Data downloads for individual users #33

Closed CCarvell closed 1 month ago

CCarvell commented 3 years ago

To confirm that individual users will be able to access their own FIT Count data to download in csv format. This would allow groups of individuals, if they wish, to come together to pool their counts if part of a project where they want to view a set of counts collectively (e.g. to compare with national averages or to compare between their own sites or years). Examples who may want to use the app/ FIT Count to do this are: Earthwatch Buglife B lines Pollinating London Together Farmer Clusters/ Estates National Trust

DavidRoy commented 3 years ago

These are two different requirements.
For user download - this is requirement for the initial website development

I suggest the second (organisational/group) requirement is a separate (much more complex) issue

CCarvell commented 3 years ago

David, I am not yet talking about the organisational/group requirement. The above relates to one requirement for individual users. What I am suggesting is that if a group of users want to pool their own counts (ie. download them as individuals when logged into their own accounts, then compile a set of counts offline, in their own time and without additional input from PoMS) then the system would not prevent them from doing that. Of course, there is room for error, and I can't imagine many groups actually seeing it through, but that is not something for us to worry about. I'm getting lots of queries about this (ie. using FIT Counts as a tool to monitor change), so trying to set out what is going to be possible and manage expectations.

CCarvell commented 3 years ago

@DavidRoy the RSPB/ Buglife project at Hope Farm is another example - if submitting counts via the app, and wanting to provide feedback to the farmer/s, they would have to download separately each relevant count and summarise the data themselves.

kitenetter commented 3 years ago

@andrewvanbreda as per above, we need to enable users to download the data for the public FIT Counts they have contributed. I have a nasty feeling that wasn't in our original specification documentation.

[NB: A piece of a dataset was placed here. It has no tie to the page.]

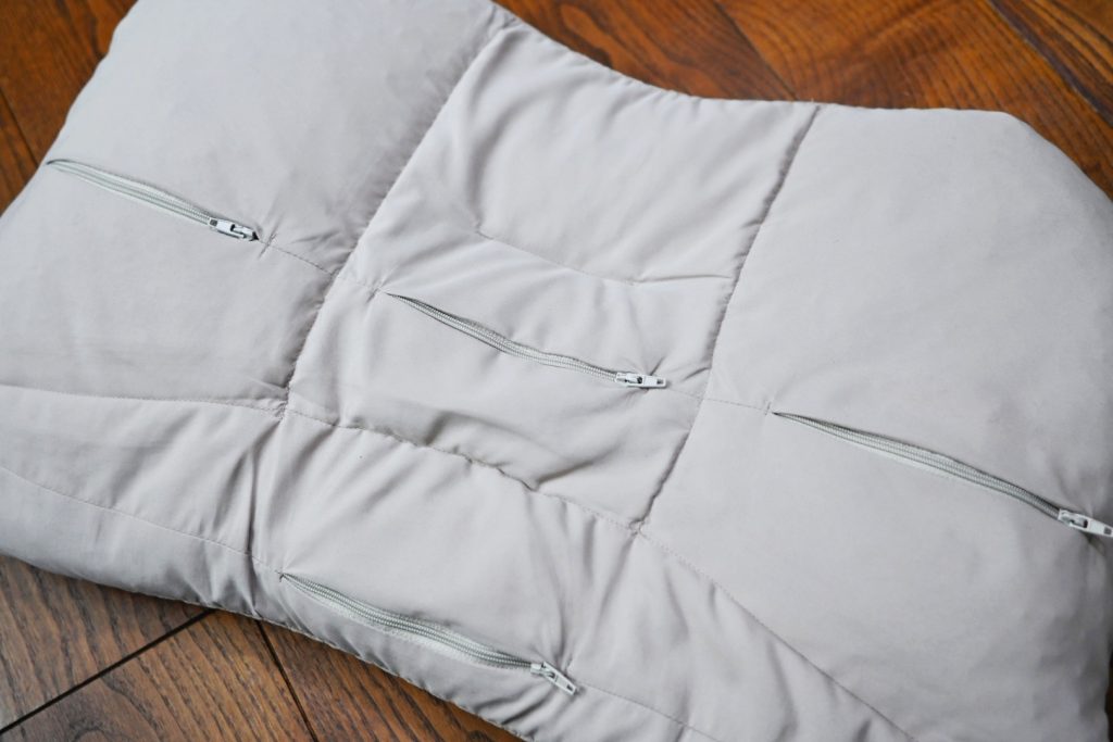 中材を出し入れできるファスナー付きのポケットは4つついていて、それにより「首元だけ高くしてフィット感を高めたい」「横向き寝しやすいように左右を高くしたい」などの細やかな調整が可能となっています。

I don't think we need to enable users to download data from the 1km surveys, certainly not in the intial version of the website.

In the specification we do have "A1.5 Data download function" to allow for a more general download of data, but that is not needed for the intial website launch.

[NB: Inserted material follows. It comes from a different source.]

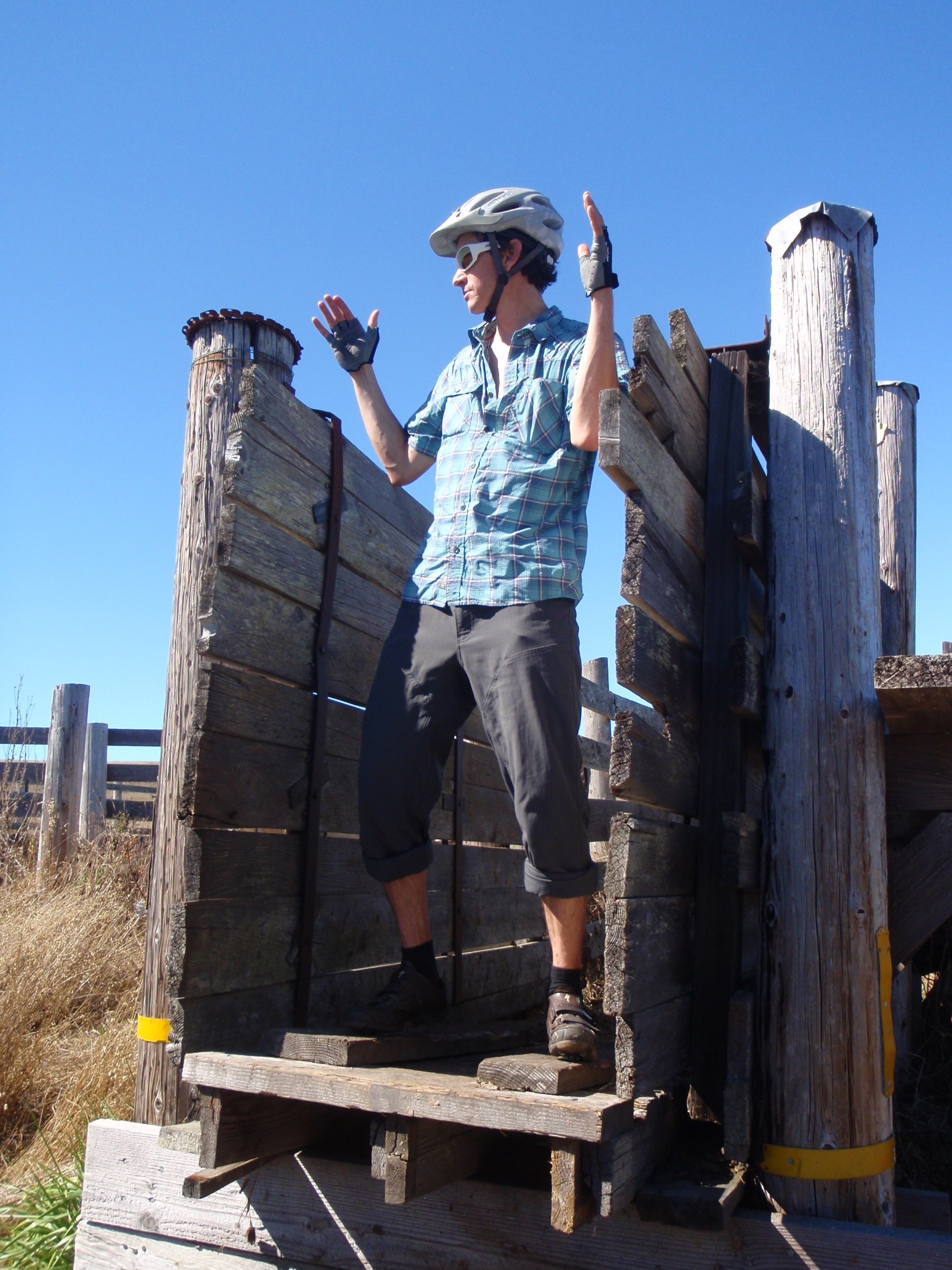 Tyler waiting for me to catch up while gettin’ down in a cattle chute.

andrewvanbreda commented 3 years ago

@CCarvell @kitenetter @DavidRoy Sorry I missed this issue and raised another one. I already enabled grid Download This Report option in bottom right of the My Records page grid. In addition to this, I have code running on my machine that allows a user to draw onto the map and filter the results to that area.

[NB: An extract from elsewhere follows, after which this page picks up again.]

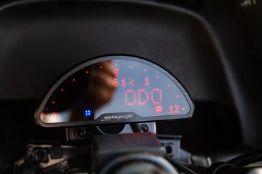 A gyári órák helyére egy digitális Motogadget egység került, aminek a léptetőgomját kivezették a bal kézhez. A műszerfal szépen belesimul a környezetbe, mögötte sem a kuszaságot látni, hanem egy takaróelem teszi tisztává az összképet. Nincsenek bántó részletek, kikandikáló igénytelenség, de azért tervbe van véve, hogy minden vezeték behúzva fusson.

That can work on FIT count map page too and doesn't require the user to have to open the usual Indicia filtering panel, they just click icon and draw. I will get that put onto the site very soon, just need reports pulled onto site.

kitenetter commented 3 years ago

This needs some discussion. At the moment, the grid download from "My records" outputs the following columns:

What I would ideally like us to output is this:

Note that some sort of pivot table output is needed to report on the insect group counts in this way.

Need to decide what is possible to do for launch, and how best to take this forward.

andrewvanbreda commented 3 years ago

@kitenetter OK well I will check spec, but easy download Indicia page is driven by a report, so could just drive this from a report. Prob not too difficult, although am not sure whether that page can support the map draw....I don't think so.

andrewvanbreda commented 3 years ago

@kitenetter Actually another thought, I think i have seen in the past that the grid download option downloads hidden columns (so extra columns not shown on grid that are deliberately hidden). If so it would be possible from the same download option I already setup, I will take a look

andrewvanbreda commented 3 years ago

@kitenetter I checked and that is indeed the case. Providing I can code the report grid so it isn't too slow, I think these extra columns could be added to the existing download I setup.....although there is a lot of LEFT Joining involved. I can code that, and if it is too slow for the grid, we can move the same report to drive an Easy Download page

DavidRoy commented 3 years ago

Or extract the attributes from the json field in the cache tables? To negate the need for many joins?

andrewvanbreda commented 3 years ago

@DavidRoy Yes that is true, I keep forgetting we have them there now for sample/occurrences, I can do that I think. I will take a look.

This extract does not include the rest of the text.